モバイルバッテリからの出力に乗っているノイズ(リプル)をLCフィルタで落とす実験。
【補足】この記事は測定をやり直して書き直した。書き直したことの説明はこちらの記事。
以下が書直し済みの記事。
回路
至ってシンプル。単純なLCフィルタ。

R(100kΩ)とLEDは通電確認用。
MNHA05(ヘッドフォンアンプ)内部のフィルタと同じ(今さらながら、後追いの確認実験)。MNHA05では、Cは1,000μFだけど、ここでは半分の470μFで実験してみる。
測定

適当な試作基板の余りを使って実施。
負荷抵抗の値をいくつか変えて測定する。
- 無負荷
- 120Ω(約40mA)
- 51Ω(約100mA)
- 24Ω(約200mA)
また、Lも220μHだけでなく、22μHも試してみる。
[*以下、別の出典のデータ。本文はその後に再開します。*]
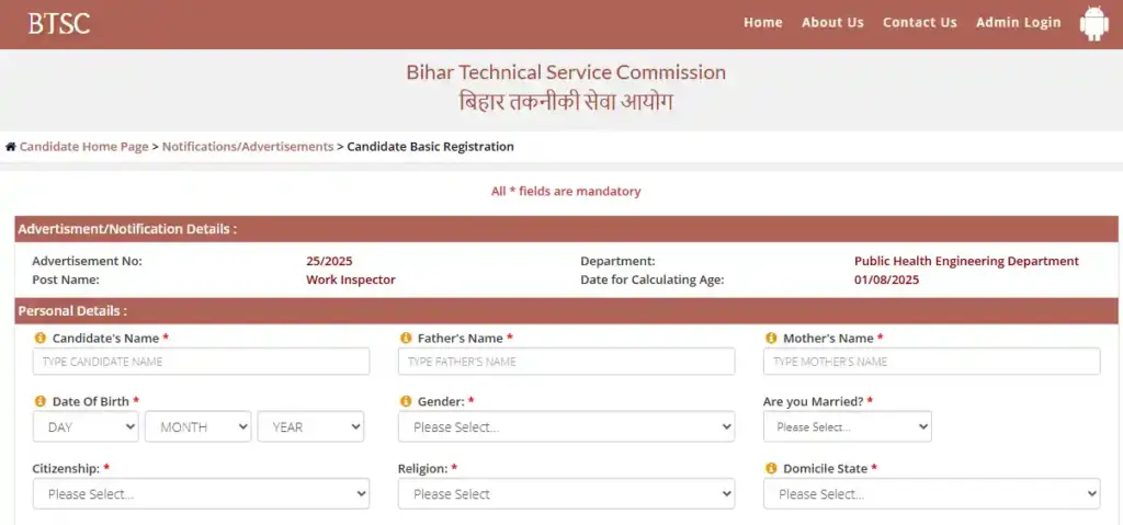 Bihar BTSC Work Inspector Recruitment 2025: Notification Particulars
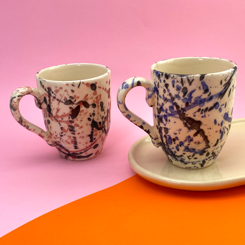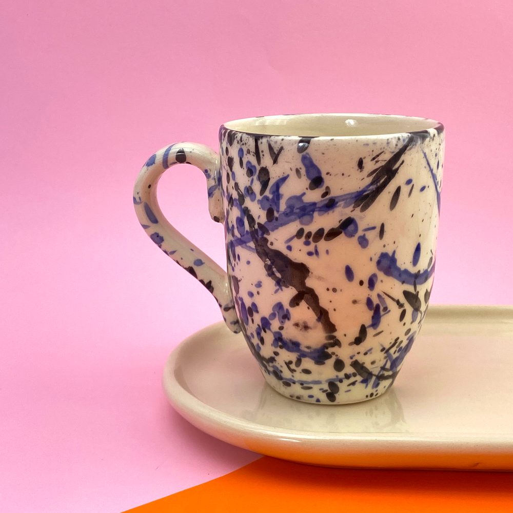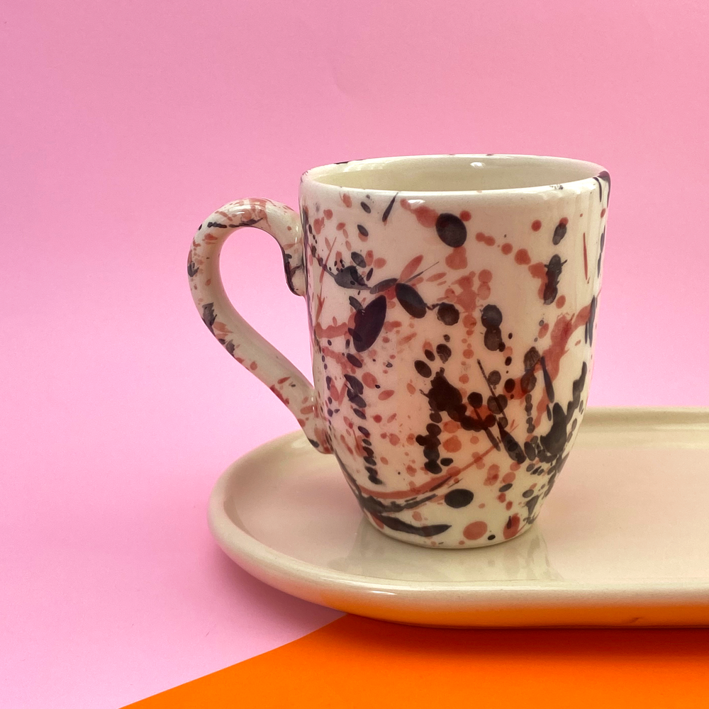 Taza bombé color base beige con diseño de manchas en 2 colores
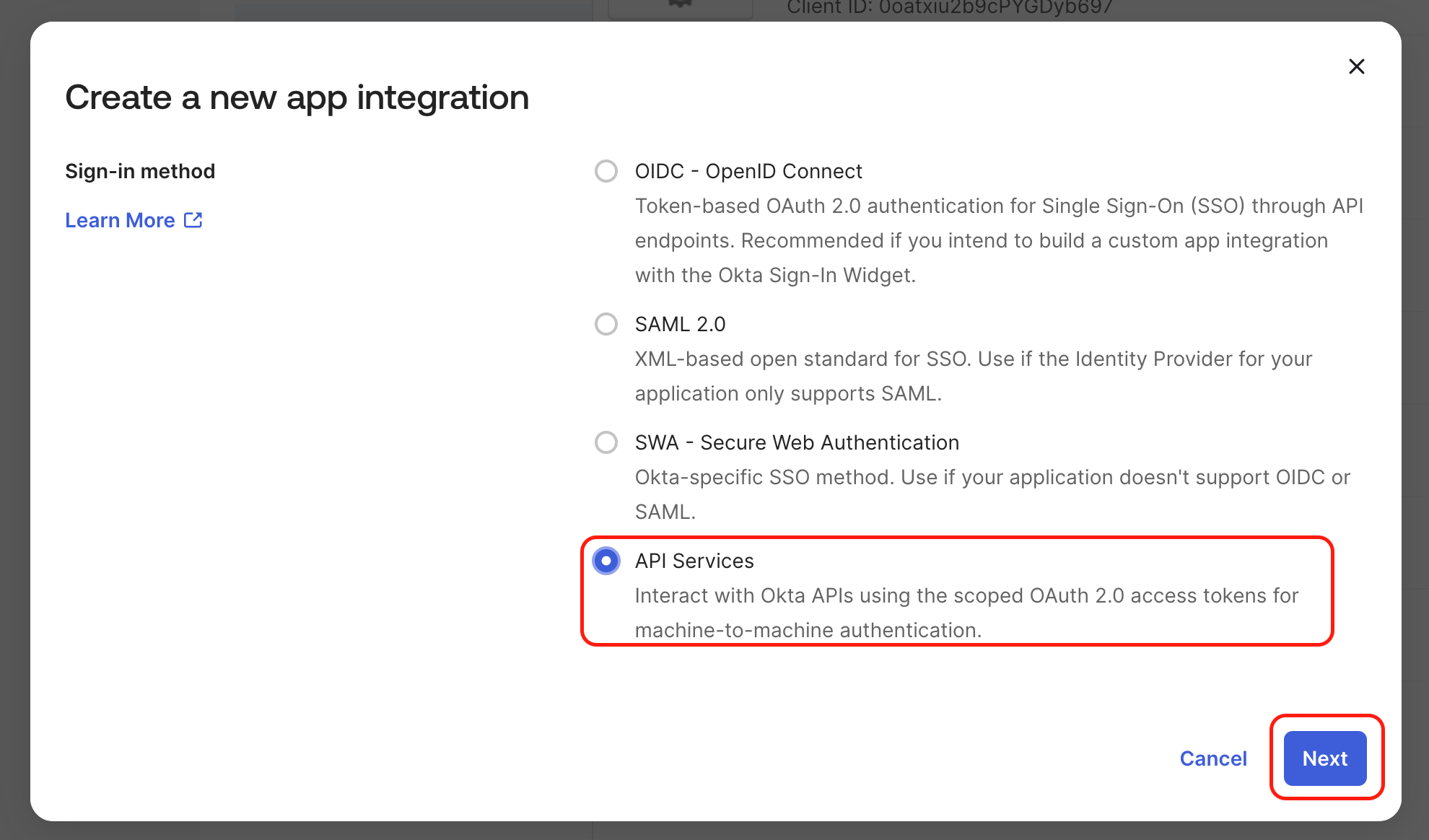 In your Okta org, create a new API Services App Integration.
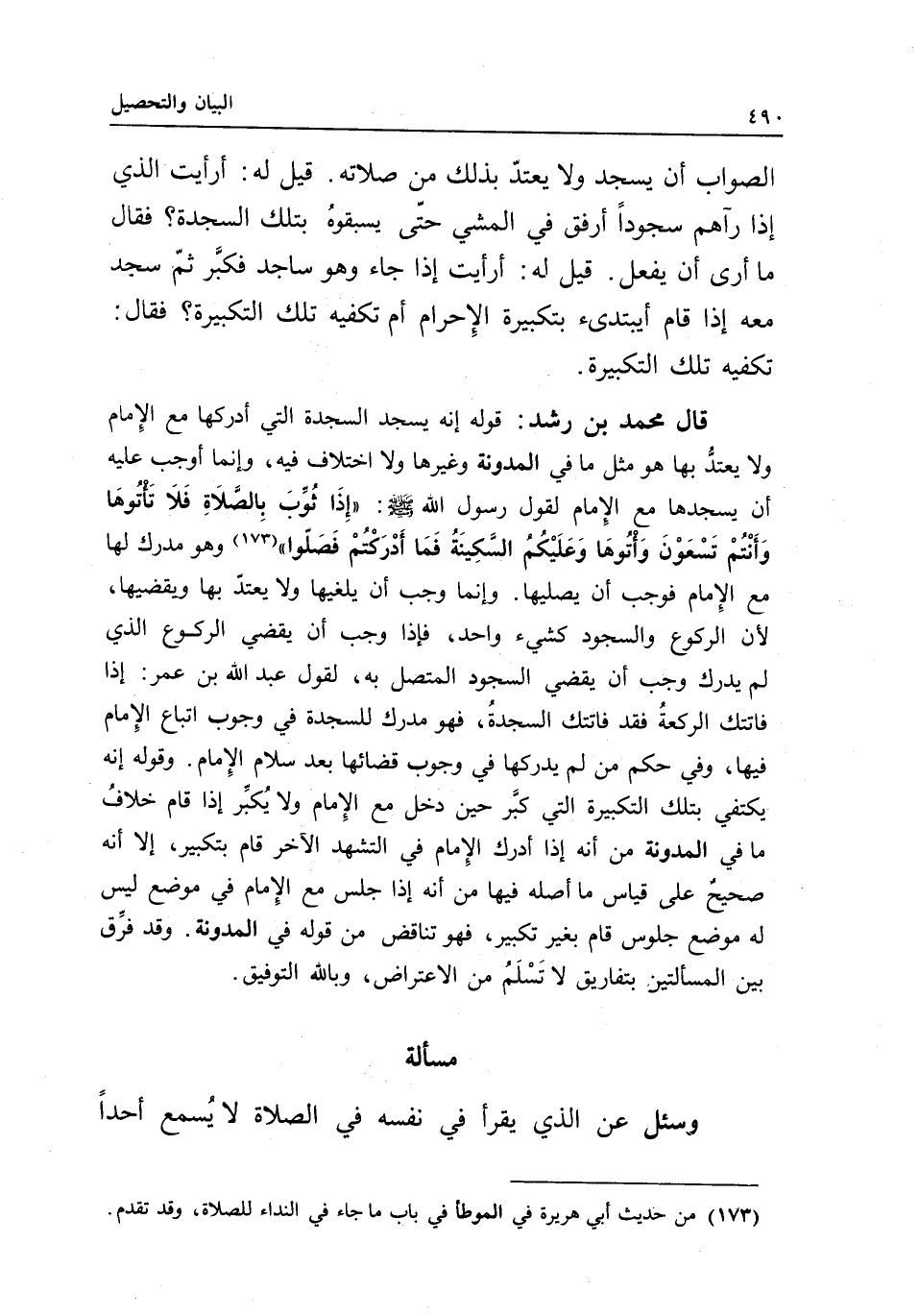 مسألة وسئل عن الذي يقرأ في نفسه في الصلاة لا يسمع أحدا
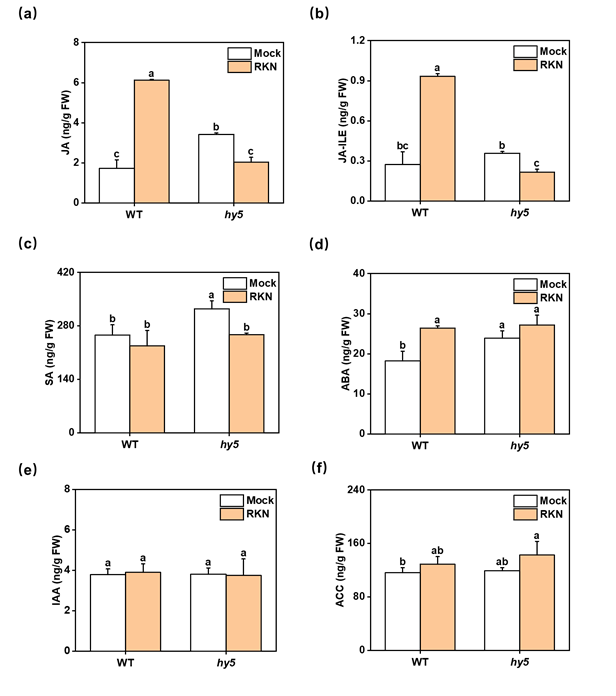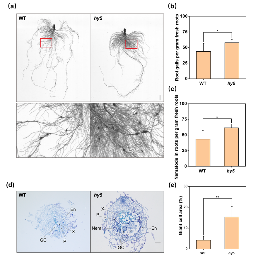 此研究通过CRISPR/Cas9技术构建CsHY5突变体并进行侵染后发现,与野生型黄瓜相比,突变体根系入侵的线虫数量增加,根结数显著增多,且线虫发育至雌性阶段的速度更快,产卵量提升。而且野生型黄瓜在感染线虫后,叶片中的过氧化物酶(POD)和抗坏血酸过氧化物酶(APX)活性显著升高,而突变体中这些酶的活性无明显变化甚至降低。野生型叶中茉莉酸(JA)、茉莉酸-异亮氨酸(JA-Ile)和脱落酸(ABA)含量显著增加,其中JA的变化最为突出,而突变体中这些激素的增加消失。
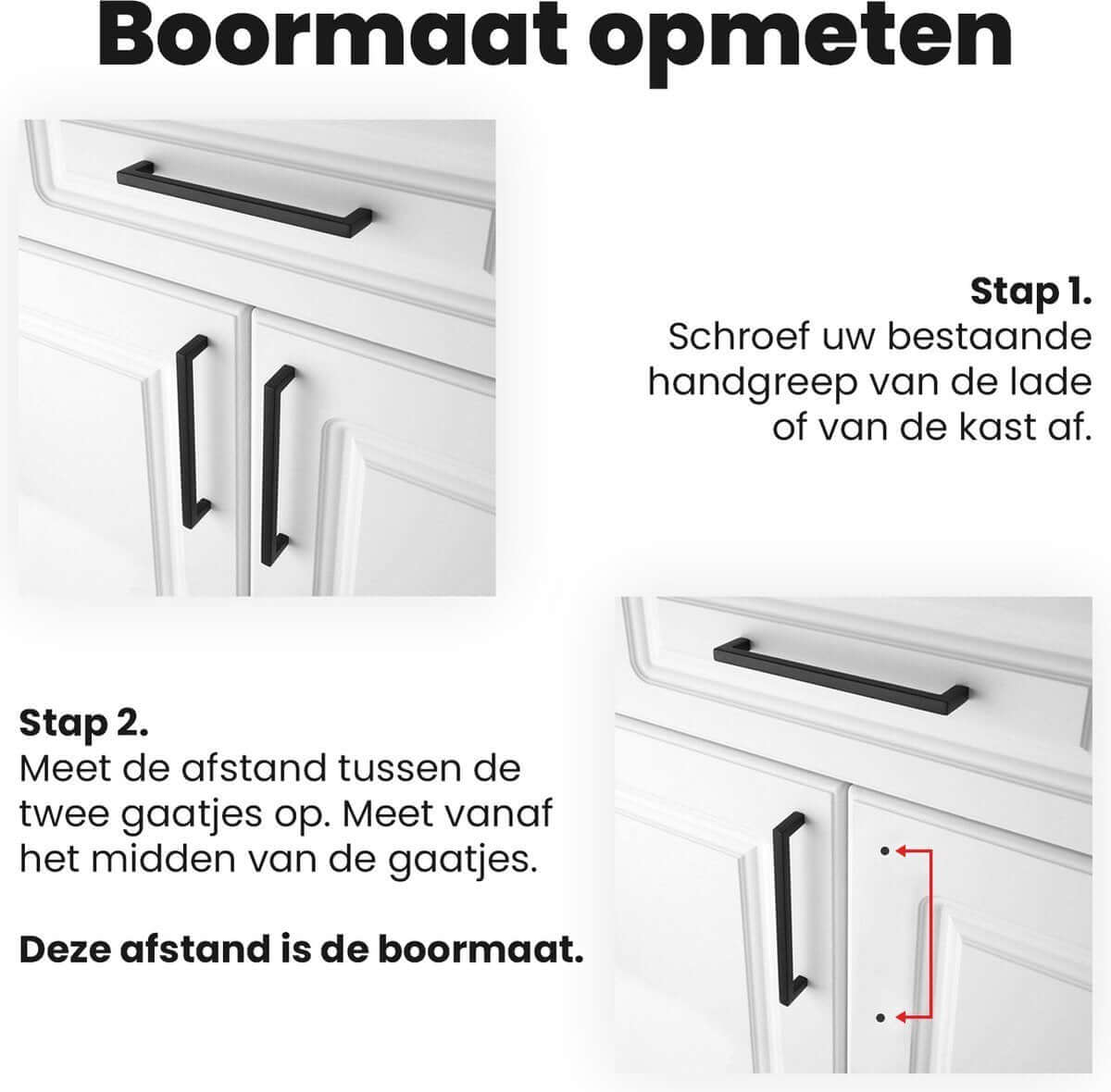 The distance between the holes on your drawer or door is also called the drilling distance (Distance between the holes measured from the center of the hole)
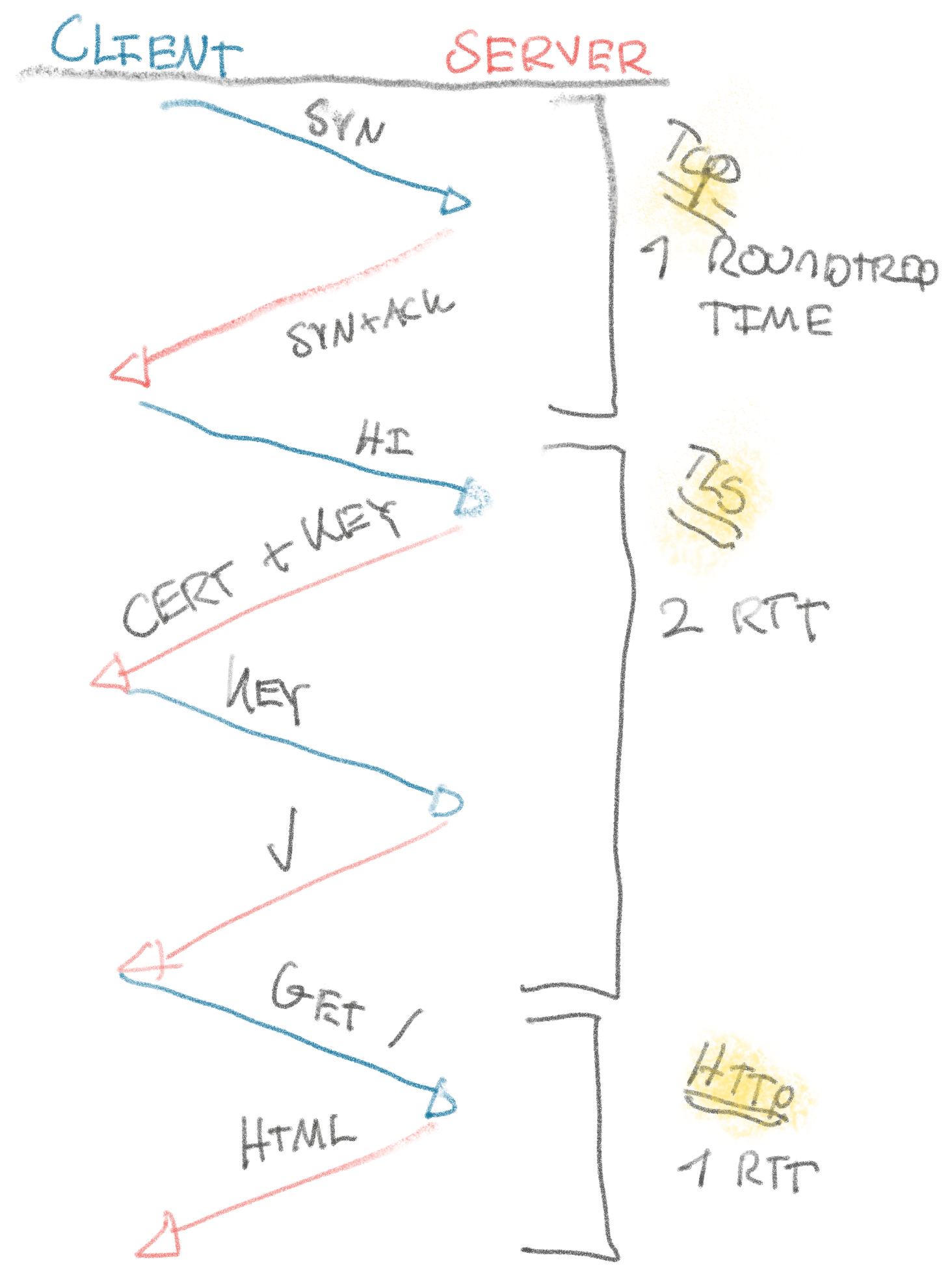 SYNandSYN+ACK) - 2 TLS roundtrips to negotiate a secure connection
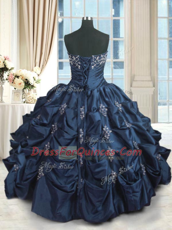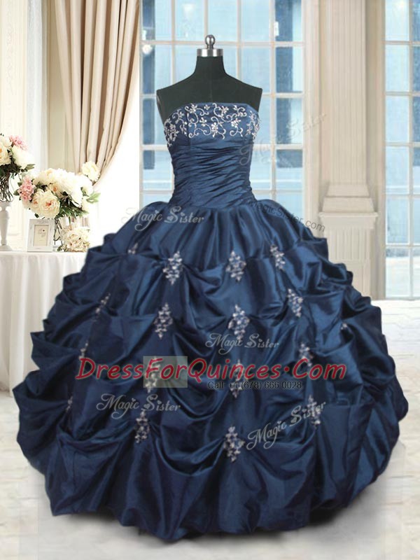 Navy Blue Quinceanera Dresses Military Ball and Sweet 16 and Quinceanera and For with Beading and Pick Ups Strapless Sleeveless Lace Up

ついでに、チップインダクタでも。
Cは470μF固定(原則)。一般仕様の470μF 25V 105℃品(ルビコン PX)。
チップインダクタ + 470μF
最初にLはチップインダクタで。村田のBLM21PG331SN。DCR(直流抵抗)は0.07Ω。
無負荷

無負荷と言っても、上に書いたようにR(100kΩ)とLEDがぶら下がっている。
CH1(上)が入力、CH2(下)が出力。リプルは消えていると言って良さそう。
120Ω

負荷に120Ωの抵抗。CH2の電圧は約5.2V。ということは43mA流れていることになる。
出力は少しうねっているように見える。
51Ω

負荷に51Ωの抵抗。出力電圧は約5.0Vで、電流は98mA。
出力のうねりが大きくなってきたように見える。
24Ω

負荷に24Ωの抵抗。出力電圧は少しドロップして4.9V。電流は204mA。
無負荷時の出力電圧は約5.2Vだったので、0.3Vほど降下が大きくなった。これはおそらく、モバイルバッテリの内部抵抗やUSBケーブルが持つ抵抗によるものだろう。
それから出力電圧のうねりはさらに大きくなった。このチップインダクタでは不十分ということだろう。
22μH + 470μF
LはSHOU HANのCY43-22UH。DCRは0.27Ω。
無負荷

出力はきれい。
120Ω

51Ω

24Ω

出力電圧は4.9V。チップインダクタのときも4.9Vだったが、細かい数字を言えば、チップインダクタでは4.929V、こちらは4.877V。その差は0.052V。この数字がどこまで信頼できるかはわからないが、DCRはチップインダクタが0.07Ω、こちらの22μFが0.27Ωなので、差は0.2Ω。電流値の204mAをかけると、0.04V。この数字を見れば、こちらの方が電圧降下が0.052V大きいのは、それなりに正しそう。
470μF追加

試しにCをもう一つ、同じ470μFをパラってみた。ま、変らない。
220μH + 470μF
LはMetalLionsのMSCD43-221KT。DCRは2.26Ω。
無負荷

120Ω

LのDCRが大きいので、さすがに電圧降下が大きい。42mAほど流れた状態で、無負荷時と比べて0.2V近く下がっている。
51Ω

24Ω

出力電圧は4.50Vまで下がった。無負荷時は5.21Vだったので、0.71Vほど降下したことになる。ここまで下がるとちょっと厳しい。
このLのDCRは2.26Ωなので、188mA(=4.50V/24Ω)流したときの電圧降下は約0.42V。チップインダクタの場合は無負荷時と24Ωのときとで0.3V降下していたので、それと合わせれば約0.7Vとなり、計算は合う。
まとめ
今回の実験の範囲では、22μH(+470μF)でも、かなりリプルは落とせる。220μHの方はより落とせている気もするけど、大きな違いはない(22μHで充分)。逆に、もっと小さくてもいいのかもしれないし、Cも小さくしてもいいのかもしれない。興味はあるけど、そこまでやる気力がない…。
リプル量の違いよりも、Lの持つDCRによる電圧降下のほうが影響が大きそう(MNHA05ではせいぜい数十mAなので電圧降下は気になるほどではない)。